--- Data block ---
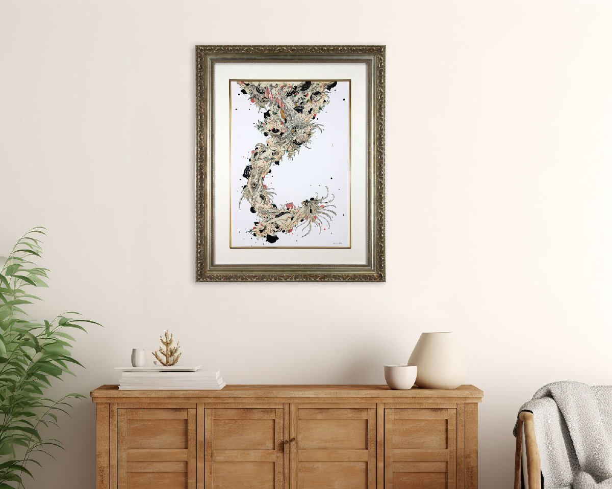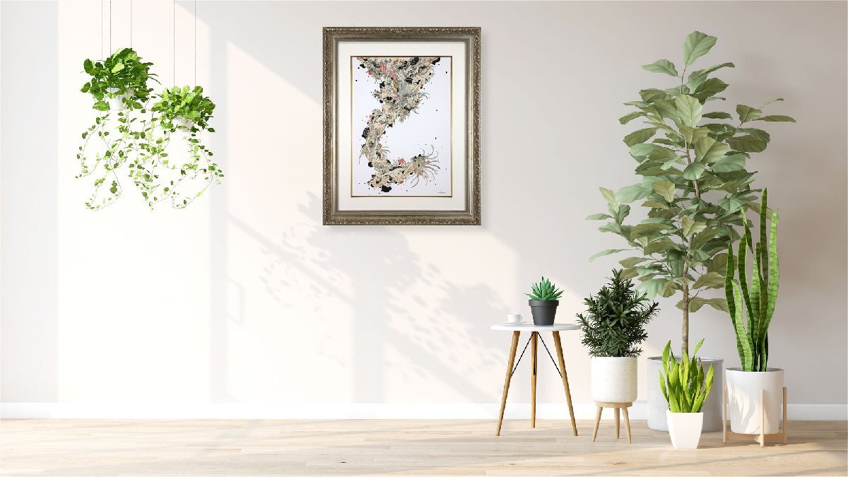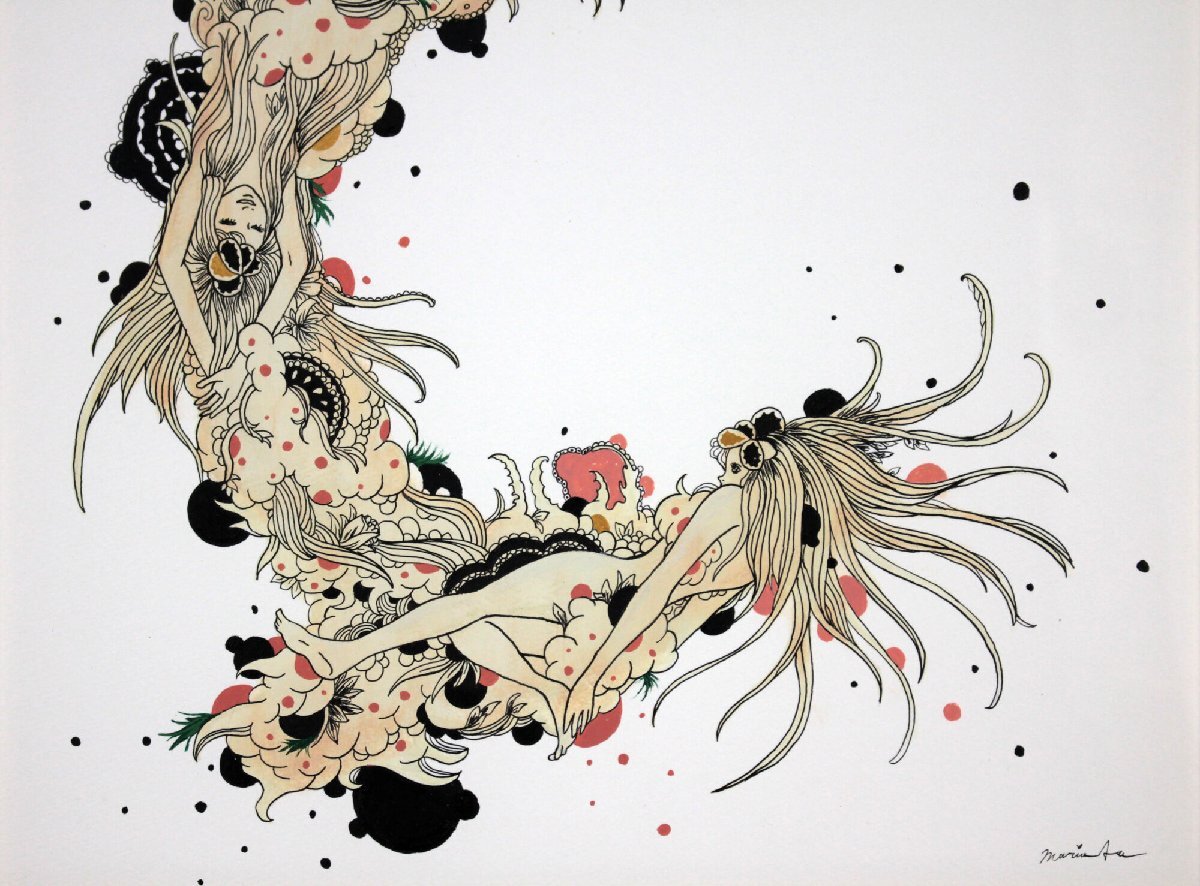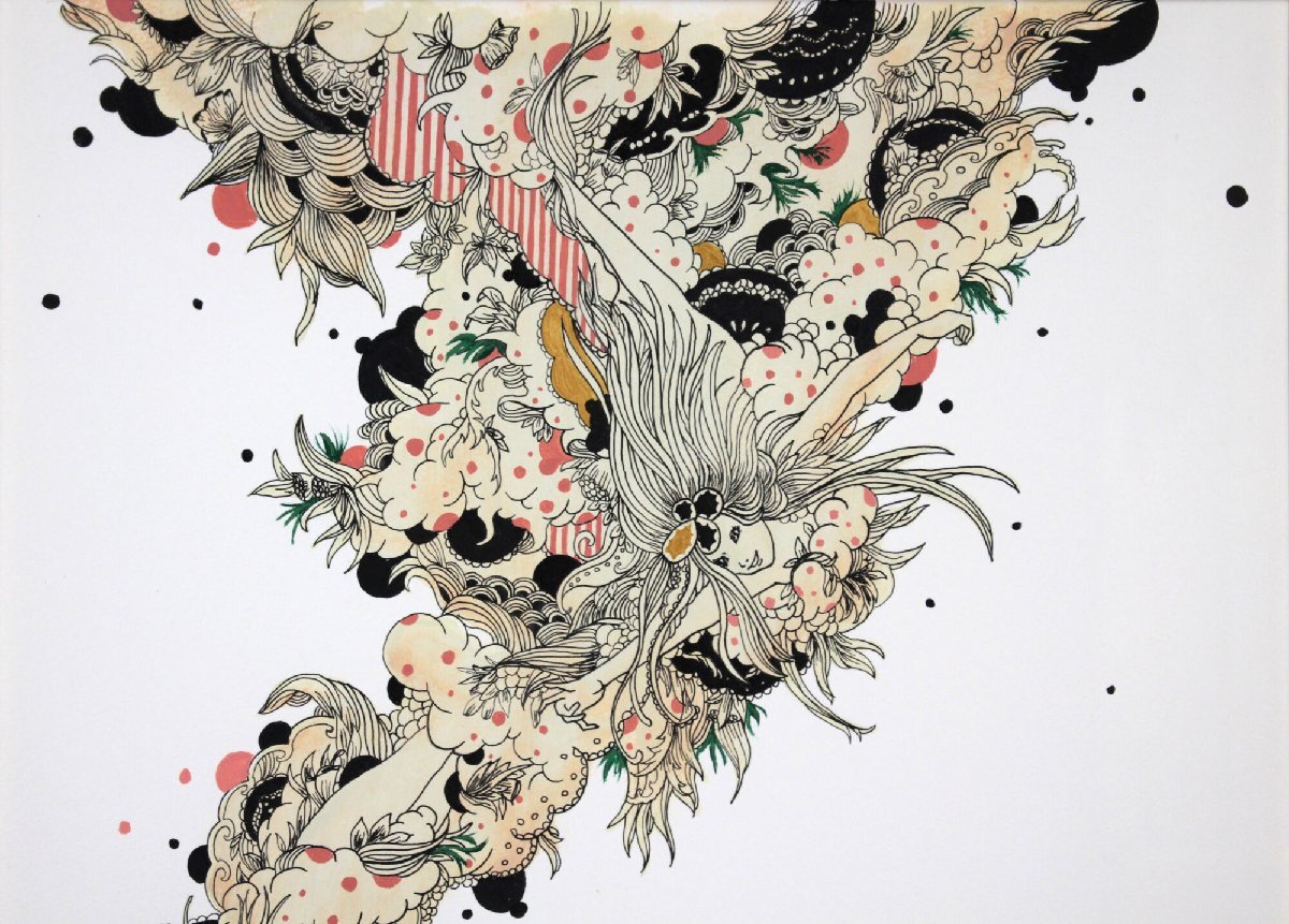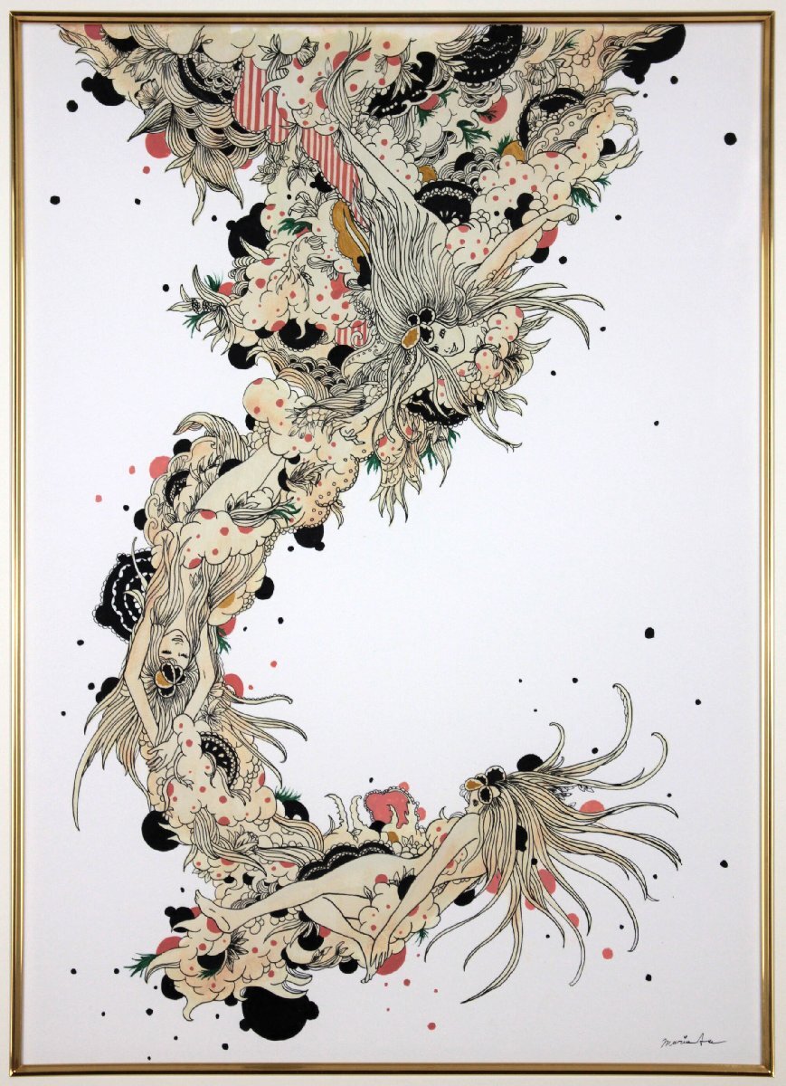 女性の体のラインや動植物で流れの美しさを表現した作品
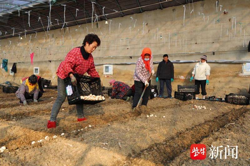 清晨,第一缕阳光穿透薄雾洒向连云港市海州区岗埠农场高效农业示范园,28号温室大棚内暖意融融,近20名工人分工协作,锄沟、摆种球、栽种、培土……动作娴熟、衔接紧密,一派热火朝天的劳作景象,为今冬海州“美丽经济”续写着增收新篇。
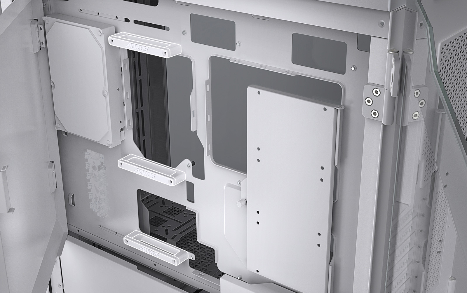 Vỏ GIGABYTE AORUS AC601 GLASS ICE với khoang chứa dây phía sau mainboard tray rộng rãi, đi kèm nhiều rãnh đi dây logic, giúp bạn dễ dàng thực hiện cable management gọn gàng. Giúp tổng thể build máy luôn ngăn nắp, thẩm mỹ dù bạn sử dụng nhiều fan hay RGB hub.
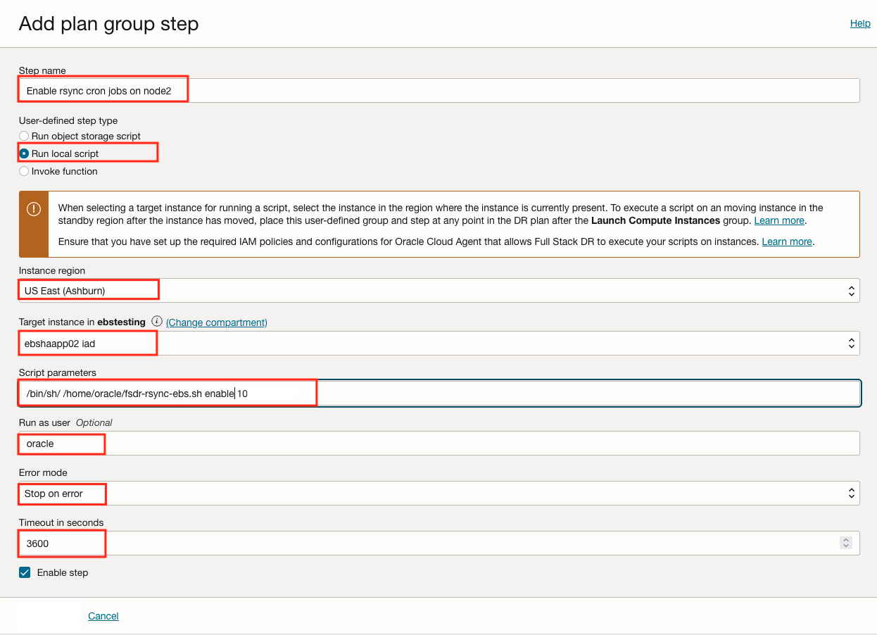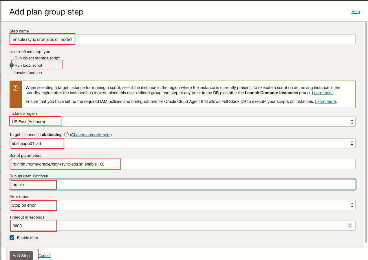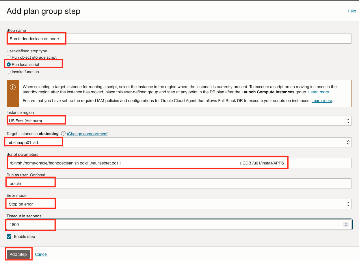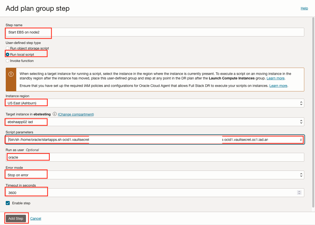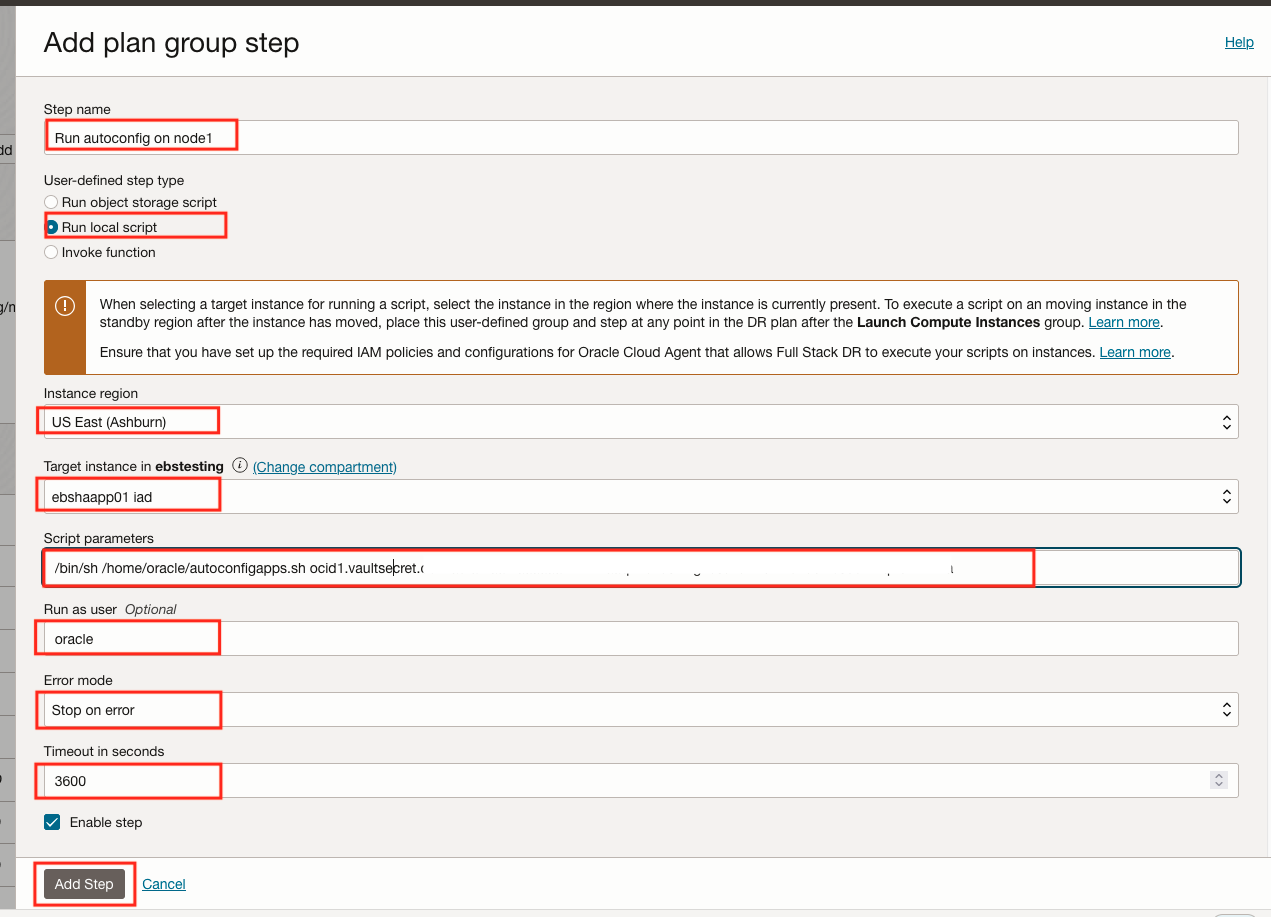 Oracle E-Business Suite 的恢复解决方案要求 OCI Full Stack DR 在恢复操作(例如故障转移、切换或钻取)期间执行一系列定制 bash 脚本。在本教程中,我们将使用 Oracle E-Business Suite 应用程序节点作为托管和运行脚本的控制节点。

--- Goal of the exercise ---
Emit the lines of the material exactly, from its first line to the line containing "清晨,第一缕阳光穿透薄雾洒向", inclusive; leave every picture out.

--- Answer box ---
 女性の体のラインや動植物で流れの美しさを表現した作品
 清晨,第一缕阳光穿透薄雾洒向连云港市海州区岗埠农场高效农业示范园,28号温室大棚内暖意融融,近20名工人分工协作,锄沟、摆种球、栽种、培土……动作娴熟、衔接紧密,一派热火朝天的劳作景象,为今冬海州“美丽经济”续写着增收新篇。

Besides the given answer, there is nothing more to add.